There is evidence of anarchistic tendencies in later Gnosticism, but it is in relation to the proto-Gnostics of the first century that I am looking to confirm or falsify. The heresy of these reprobates was addressed directly by Paul, Peter, John, and Jude in the New Testament.

The practical application of this idea is obvious – when we compromise and allow our churches to be infiltrated by the ungodly, then we subject ourselves to consequences caused by this ‘mixed multitude.’ Reicke and Green discuss this anti-social and anarchistic element of the proto-Gnostics in association with Jude’s text about them going “the way of Cain” as a murderer of the brethren. The attitude and actions of the infiltrating proto-Gnostics (Cain) resulted in the death of the brethren (Abel.)

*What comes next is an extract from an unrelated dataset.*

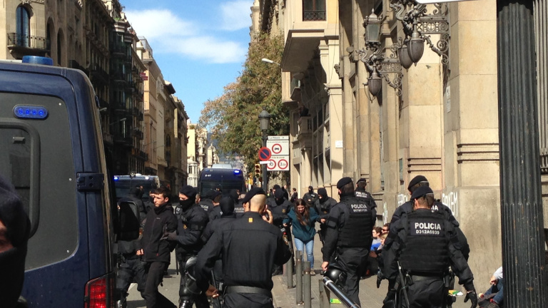 Imatge dels antiavalots dels Mossos en el desallotjament dels estudiants en l'acció a la Secretaria d'Universitats per reclamar la rebaixa de taxes el 15 de març de 2018.

Here is a pertinent section from Reicke:


> “…there is good reason to argue that their [the infiltrator’s] anarchistic and antinomian propaganda compromised the believers so that they were exposed to persecution from society and even drive to martyrdom…their antisocial behavior aroused the hostility of the Romans and forced the authorities to take active measures against the church. They thereby aggravated the sufferings of the Roman Christians in whose name the author writes. In this sense they and the heretical teachers in Jude are fratricides, and walk in the way of Cain. That the basis of the comparison lies in their subversive propaganda is confirmed by v. 16 [of Jude], in which the teachers of heresy are flatly accused of showing and arousing dissatisfaction with society.” Bo Reicke, The Epistles of James, Peter, and Jude, pp. 205-206.



Does anybody know of any historical record that can back up the assertion of Reike and Green that the proto-Gnostics were anarchists?


----------



## PuritanCovenanter (Jan 18, 2011)

Bump.... for a friend.


----------